WILLIAM Doyle has no regrets. The British electronica composer, who records as East India Youth, recently released his debut album, Total Strife Forever. The title is a pun on Total Life Forever, a top- 10 LP by British indie band Foals.
To his amusement and mild consternation, the question keeps coming up: was he laughing at Foals (whose hipster haircuts and zinging guitars are easily mocked)? Or offering homage?
“I’m not sorry about the name, though I’ve been talking about it ever since,” says Doyle, chuckling. “I knew [calling the LP] Total Strife Forever was stupid. I had used it as a working title. I ended up sticking with it. Why not?”
As it turns out, he doesn’t have particularly strong opinions one way or the other on Foals. The reason he stuck by the original name is because it conveys humour and irreverence of a sort largely absent from dance music nowadays. In that regard, he harks back to an earlier generation of electronic artists such as Aphex Twin, their often brooding soundscapes undercut with witty track titles and album sleeves.
“I thought ‘well maybe, this is a bit dangerous’. I decided I would stay with it anyway. I wanted to be sure there was humour in what I did. Whenever I’m interviewed, I always ask that the album title be printed in upper-case, so that it looks properly ludicrous.”
He may plead bafflement. Still, it is understandable why Doyle would be seen as taking a pot-shot at Foals. Before East India Youth, he passed time in a sequence of unremarkable indie outfits. In previous interviews, he complained about growing deathly bored with the music he was making. Reading between the lines, it is easy to imagine Foals and their ilk as an anathema to everything he represents.
“I kind of cultivated the idea that I was in all those [workaday] bands,” he says. “In fact, my last band wasn’t a very standard indie group. There was a lot more to it than that. We were quite interesting, I think. Ultimately, I was tired of the conventions of being a touring indie rock musician. I wanted the freedom to explore ideas — to make music to which I was emotionally attached.”
Doyle grew up in Bournemouth, a British seaside town that has seen better days. He named East India Youth after the ‘East India’ area of London’s docklands. As an artist, he was fascinated by its air of transience — far from the hubbub of central London, it feels as if you are on the edge of the world. He wanted to reproduce that otherworldliness in his music.
He didn’t expect Total Strife Forever to find a very large audience. The music struck him as terribly obscure — the best he could hope for, he thought, was a small cult fanbase of electro devotees. So it has come as a surprise to see the project embraced by the mainstream, the LP going Top 30 in the UK. He is one of the headliners at next weekend’s Body and Soul Festival Westmeath, something he would never have imagined possible just a year ago. Success has blind-sided him slightly. “I thought it was going to be a niche, leftfield release,” he says. “I would be happy with a modest following. For people to react in the way they have, is amazing. Honestly, I didn’t see it coming.”

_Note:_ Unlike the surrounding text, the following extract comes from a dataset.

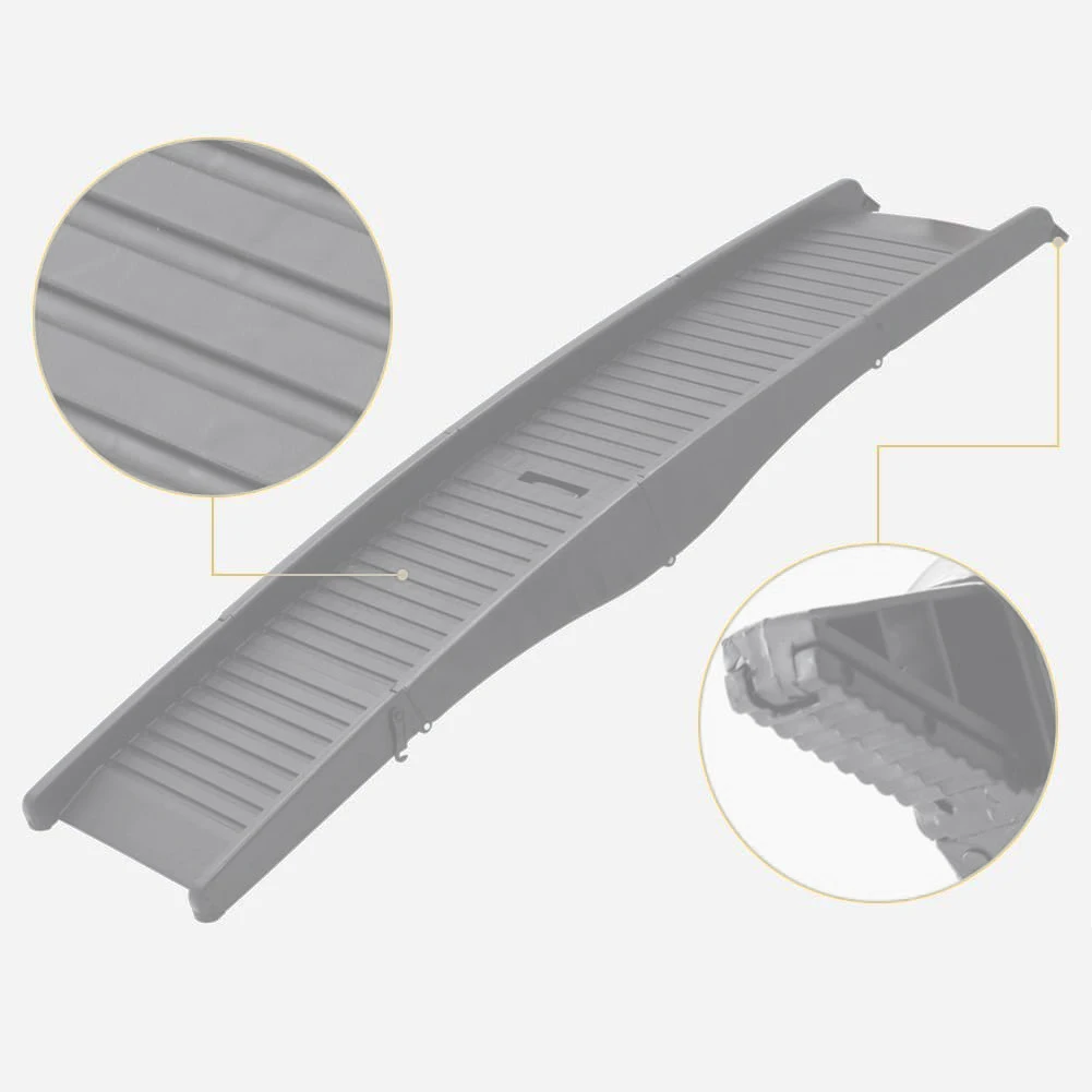 Features: Specification: Origin: Mainland China Unfolded size: 152*12*40cm Folded size: 42*40*20cm Material: PP Application scenario: Pet dog climbing ladder Features: The ladder consists of 4 foldable pieces, which are easy to store and move when folded, and can be stretched instantly when opened to meet the needs of pets up and down.

Then he doesn’t regard himself as an archetypal electronic musician. He disdains the scene’s culture of anonymity. The cover of Total Strife Forever is a portrait of Doyle in the fleshy style of British artist Lucien Freud. In his own modest way, Doyle is somewhat of a rebellious figure.
“I don’t regard what I do as electronic music in a very traditional way,” he says. “I don’t fit into that classic mode. Yes, I use electronics. I am reluctant to tie myself up in any definitions.
“That’s why I opted for the album cover I did — and why I make sure the press images are pictures of me taken straight on.
“This is quite a personal record. I want my personality to come across.”
Total Strife Forever is an ambitious album — especially when you consider it is a debut.
In the moment, Doyle didn’t really give the fact any thought. Looking back, he agrees it took considerable chutzpah to put together such a sprawling-yet-cohesive work.
“I had to be confident in my ideas. I knew what I wanted to achieve and went for it.
“I tried not to think too far outside the immediate process, in terms of whether I had bitten off too much or what have you. I had to detach myself, I guess.”
Less straightforward has been the process of bringing the music to the stage. Doyle doesn’t want to simply stand there noodling, surrounded by banks of equipment. At the same time, the material is quite solemn: he can’t run around like Jon Bon Jovi.
“I try to be as physical a performer as I can,” he says. “I don’t want it to be me up there triggering loops. It would be quite hard for me to stay interested. I try to breathe life into the music, in a more extreme way than on record. Hopefully audiences will respond to that.”